-- Aim of the exercise --
Set each line of the material below down word for word, from the first through the line that holds "FORMAT: Frez do", but not the pictures.

○ ○ ○ ○ ○

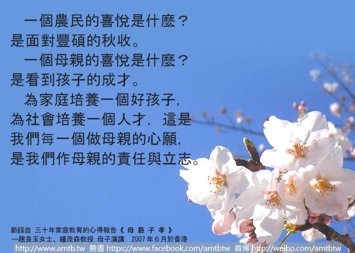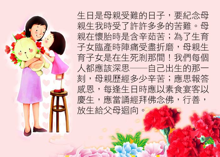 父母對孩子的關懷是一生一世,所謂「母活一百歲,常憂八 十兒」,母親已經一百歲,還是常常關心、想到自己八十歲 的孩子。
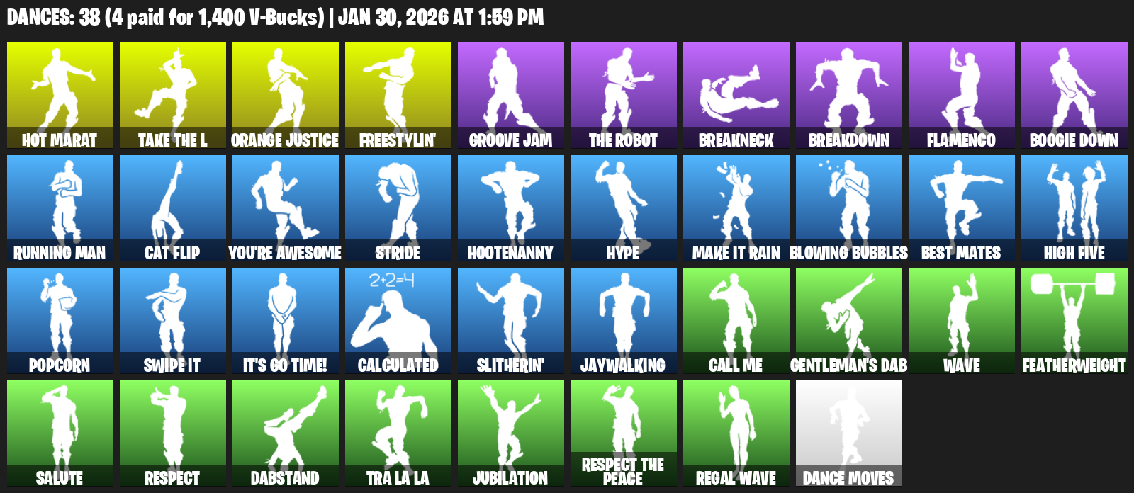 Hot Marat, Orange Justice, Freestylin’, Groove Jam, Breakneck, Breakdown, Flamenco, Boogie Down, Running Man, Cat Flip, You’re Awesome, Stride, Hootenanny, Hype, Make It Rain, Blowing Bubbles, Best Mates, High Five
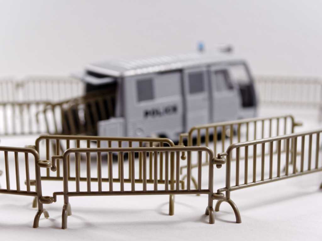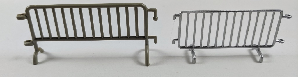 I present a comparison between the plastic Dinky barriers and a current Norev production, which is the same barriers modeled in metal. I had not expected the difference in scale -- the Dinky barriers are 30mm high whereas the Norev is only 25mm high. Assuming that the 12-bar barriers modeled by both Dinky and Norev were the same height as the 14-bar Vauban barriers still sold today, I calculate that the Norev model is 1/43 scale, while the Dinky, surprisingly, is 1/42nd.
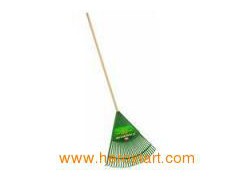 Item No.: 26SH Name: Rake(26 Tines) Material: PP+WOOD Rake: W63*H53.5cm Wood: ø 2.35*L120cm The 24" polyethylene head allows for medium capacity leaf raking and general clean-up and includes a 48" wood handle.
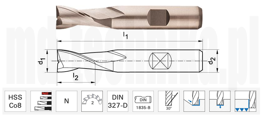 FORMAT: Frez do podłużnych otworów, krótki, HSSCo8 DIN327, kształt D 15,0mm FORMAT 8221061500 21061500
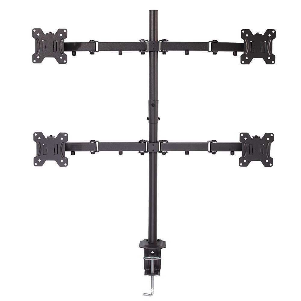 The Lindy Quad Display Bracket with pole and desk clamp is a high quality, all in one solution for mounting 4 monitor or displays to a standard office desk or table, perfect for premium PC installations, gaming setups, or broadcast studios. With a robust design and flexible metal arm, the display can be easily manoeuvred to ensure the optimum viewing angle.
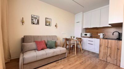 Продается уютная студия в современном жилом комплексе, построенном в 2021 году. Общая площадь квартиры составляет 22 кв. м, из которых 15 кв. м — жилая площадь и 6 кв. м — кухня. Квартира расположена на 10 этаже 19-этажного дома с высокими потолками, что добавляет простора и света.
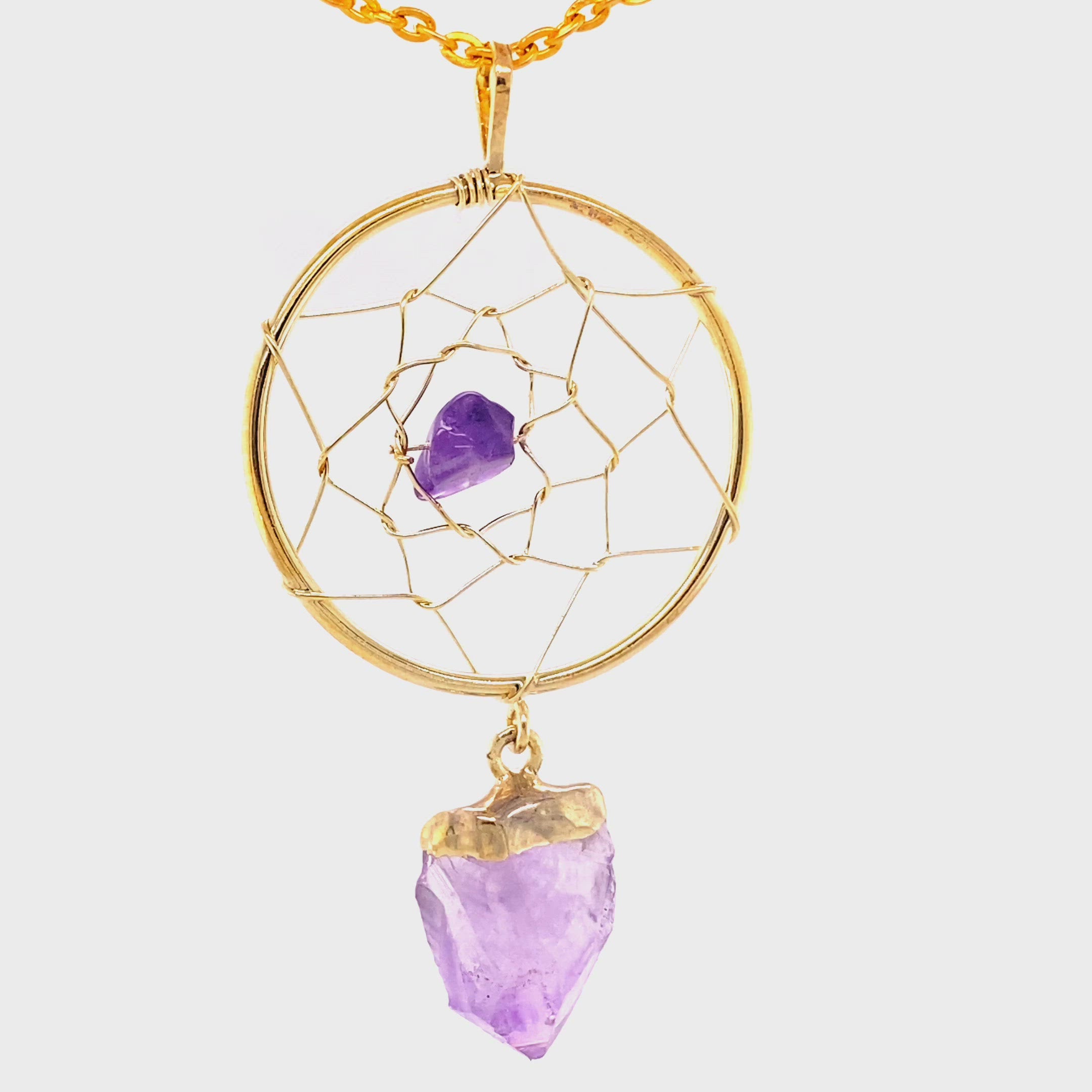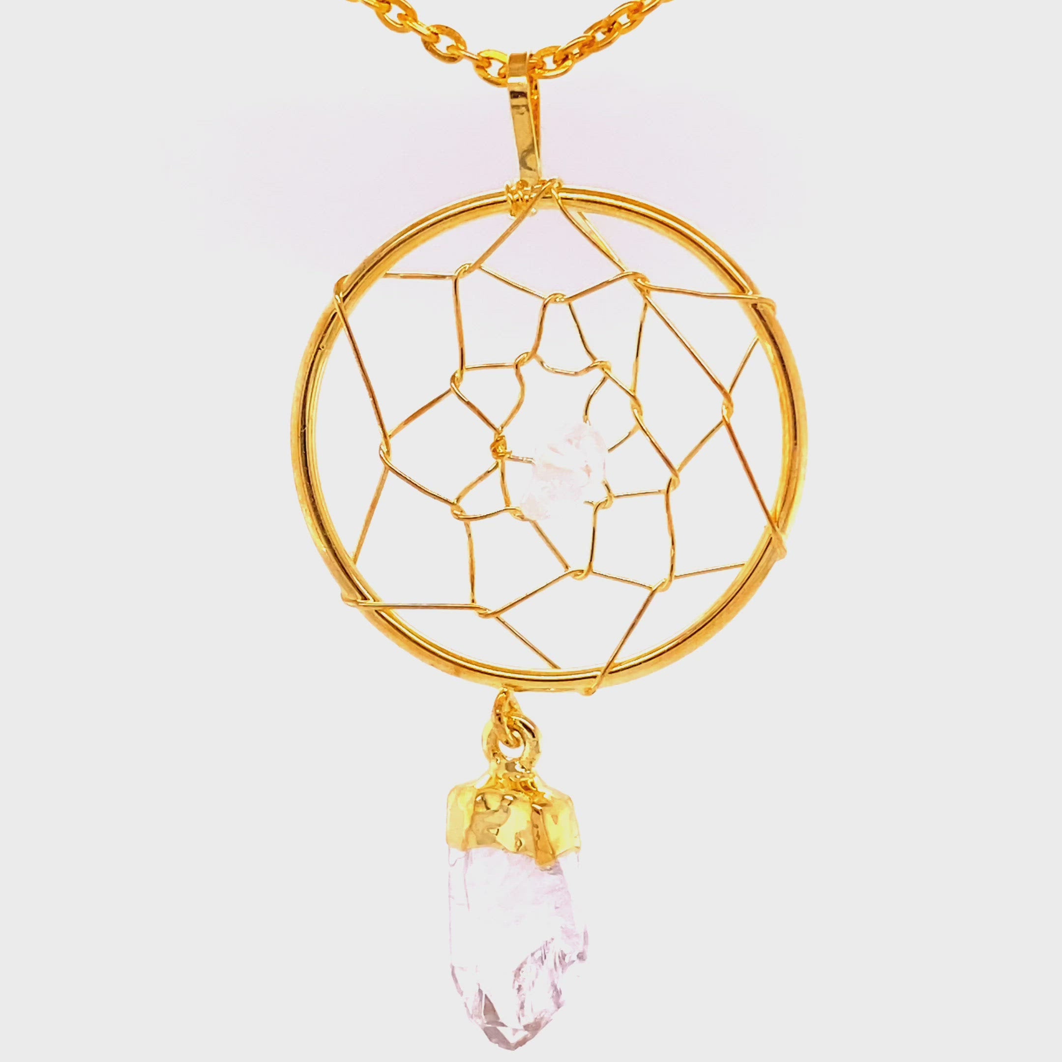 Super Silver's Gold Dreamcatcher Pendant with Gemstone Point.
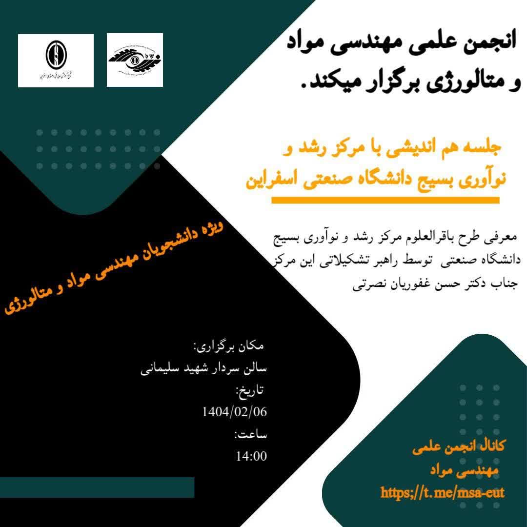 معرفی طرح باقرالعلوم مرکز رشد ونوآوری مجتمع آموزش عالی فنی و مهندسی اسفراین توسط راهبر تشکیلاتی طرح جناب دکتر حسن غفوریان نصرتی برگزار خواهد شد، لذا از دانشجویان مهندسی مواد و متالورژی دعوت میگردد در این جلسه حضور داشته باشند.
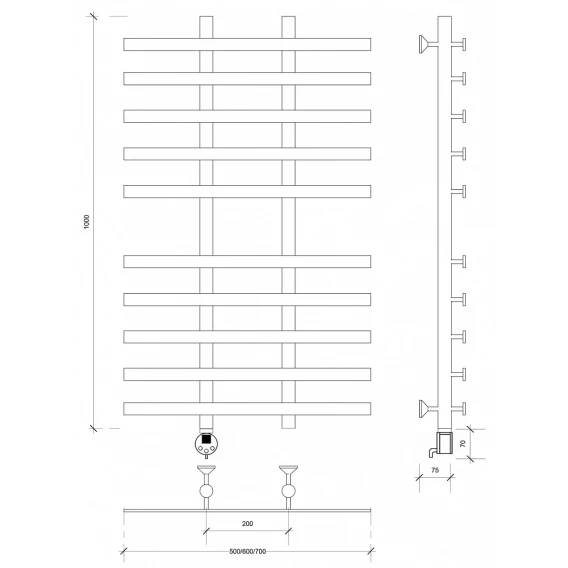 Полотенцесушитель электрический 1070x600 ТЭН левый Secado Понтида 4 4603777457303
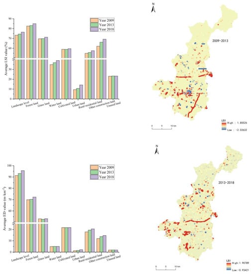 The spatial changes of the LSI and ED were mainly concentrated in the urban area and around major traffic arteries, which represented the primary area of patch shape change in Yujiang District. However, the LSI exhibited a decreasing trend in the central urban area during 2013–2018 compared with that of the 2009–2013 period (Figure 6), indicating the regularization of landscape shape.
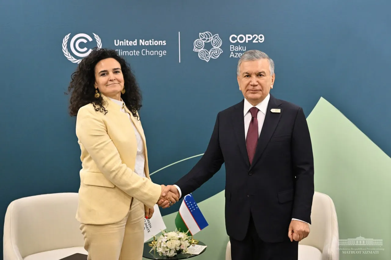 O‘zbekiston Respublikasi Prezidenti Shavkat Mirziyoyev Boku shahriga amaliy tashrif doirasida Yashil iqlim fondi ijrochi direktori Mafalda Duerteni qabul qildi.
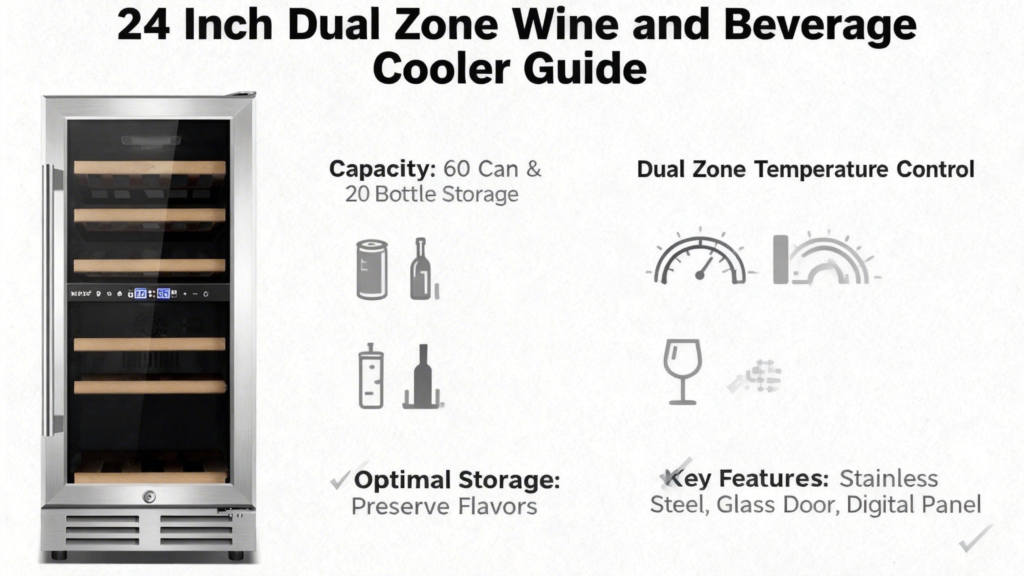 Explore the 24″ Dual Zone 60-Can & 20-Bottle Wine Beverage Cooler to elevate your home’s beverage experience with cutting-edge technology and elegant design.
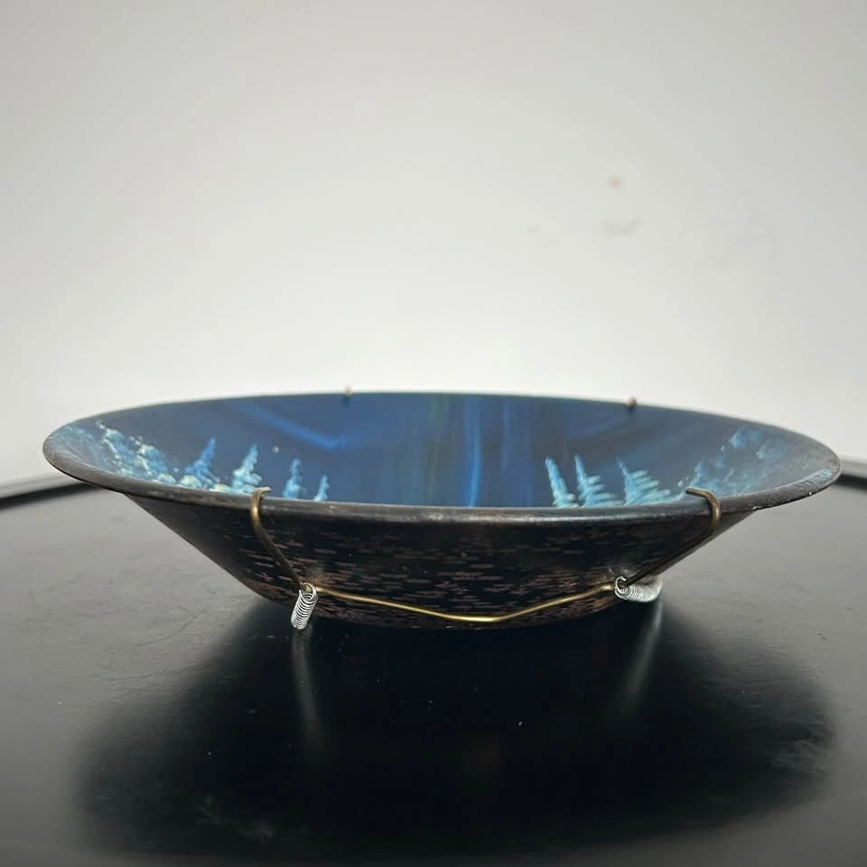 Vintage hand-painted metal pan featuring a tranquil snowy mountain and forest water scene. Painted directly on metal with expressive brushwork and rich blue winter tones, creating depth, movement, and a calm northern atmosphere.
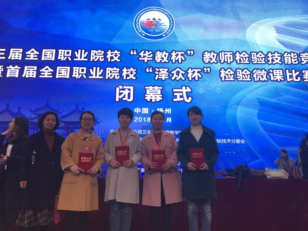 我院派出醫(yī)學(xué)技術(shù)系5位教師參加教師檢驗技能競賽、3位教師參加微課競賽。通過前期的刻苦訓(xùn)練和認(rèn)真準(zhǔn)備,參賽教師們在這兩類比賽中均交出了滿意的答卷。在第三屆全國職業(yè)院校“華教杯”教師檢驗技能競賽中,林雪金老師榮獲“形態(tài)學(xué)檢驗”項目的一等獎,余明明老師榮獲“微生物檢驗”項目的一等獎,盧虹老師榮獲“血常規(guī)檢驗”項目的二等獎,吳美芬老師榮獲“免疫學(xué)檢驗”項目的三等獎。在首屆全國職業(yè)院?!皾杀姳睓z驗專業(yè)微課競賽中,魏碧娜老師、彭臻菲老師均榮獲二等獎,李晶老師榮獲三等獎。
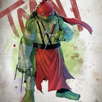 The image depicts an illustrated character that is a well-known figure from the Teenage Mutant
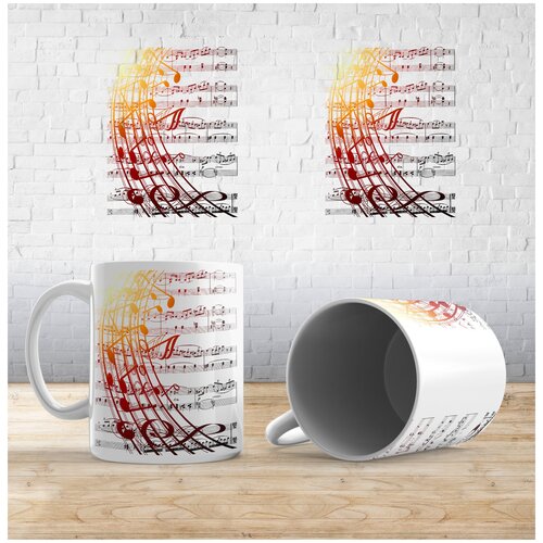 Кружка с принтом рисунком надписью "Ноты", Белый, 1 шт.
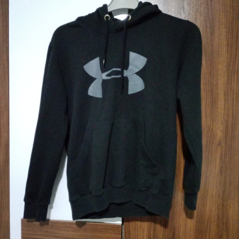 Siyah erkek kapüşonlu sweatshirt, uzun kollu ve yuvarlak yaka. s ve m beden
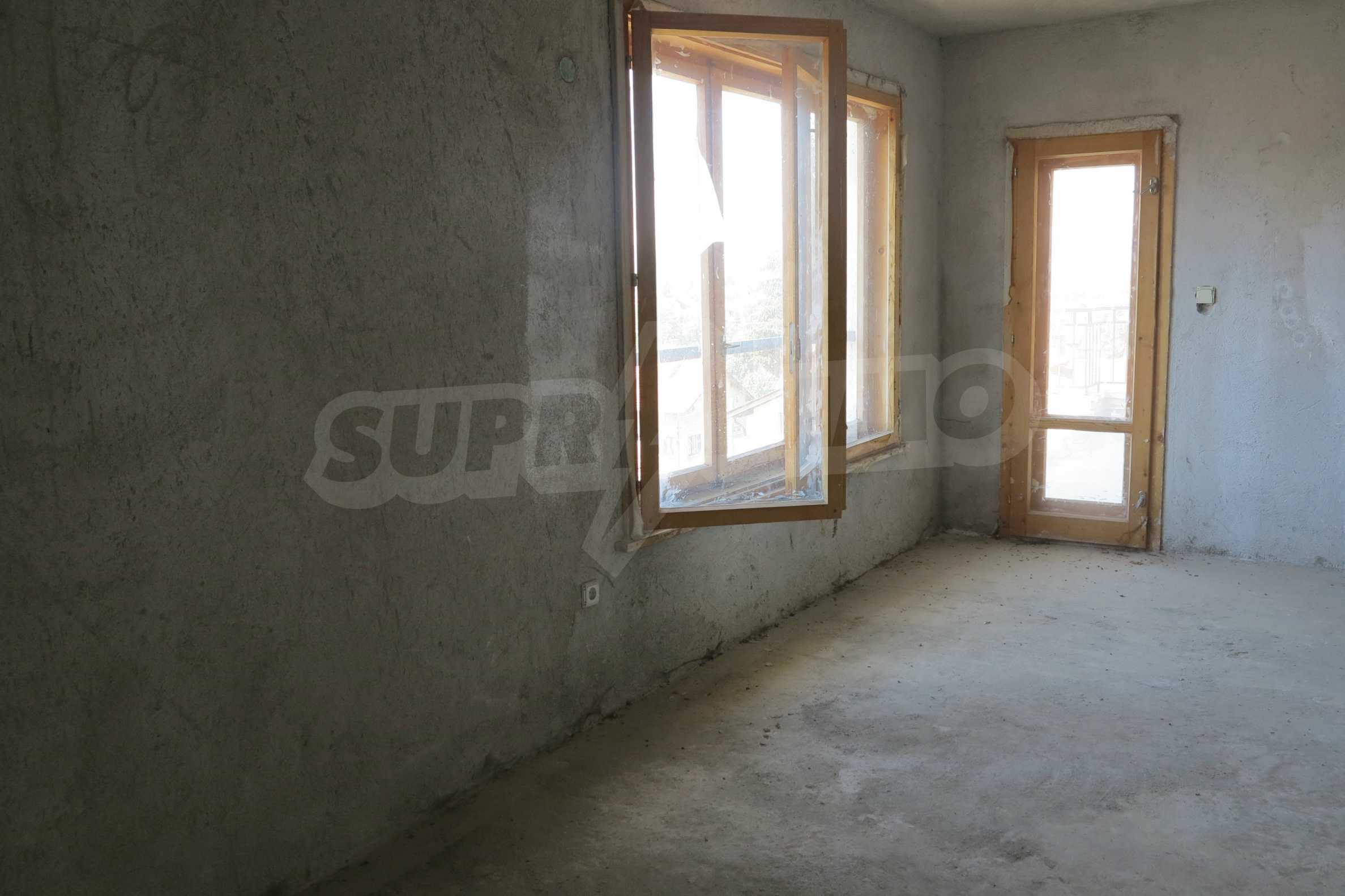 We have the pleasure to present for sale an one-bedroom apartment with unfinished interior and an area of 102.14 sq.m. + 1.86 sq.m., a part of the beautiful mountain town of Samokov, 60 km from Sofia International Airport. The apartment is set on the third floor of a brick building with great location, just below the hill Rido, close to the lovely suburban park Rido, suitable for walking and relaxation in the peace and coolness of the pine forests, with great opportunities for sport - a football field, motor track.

○ ○ ○ ○ ○

-- Answer to the problem --
 父母對孩子的關懷是一生一世,所謂「母活一百歲,常憂八 十兒」,母親已經一百歲,還是常常關心、想到自己八十歲 的孩子。
 Hot Marat, Orange Justice, Freestylin’, Groove Jam, Breakneck, Breakdown, Flamenco, Boogie Down, Running Man, Cat Flip, You’re Awesome, Stride, Hootenanny, Hype, Make It Rain, Blowing Bubbles, Best Mates, High Five
 I present a comparison between the plastic Dinky barriers and a current Norev production, which is the same barriers modeled in metal. I had not expected the difference in scale -- the Dinky barriers are 30mm high whereas the Norev is only 25mm high. Assuming that the 12-bar barriers modeled by both Dinky and Norev were the same height as the 14-bar Vauban barriers still sold today, I calculate that the Norev model is 1/43 scale, while the Dinky, surprisingly, is 1/42nd.
 Item No.: 26SH Name: Rake(26 Tines) Material: PP+WOOD Rake: W63*H53.5cm Wood: ø 2.35*L120cm The 24" polyethylene head allows for medium capacity leaf raking and general clean-up and includes a 48" wood handle.
 FORMAT: Frez do podłużnych otworów, krótki, HSSCo8 DIN327, kształt D 15,0mm FORMAT 8221061500 21061500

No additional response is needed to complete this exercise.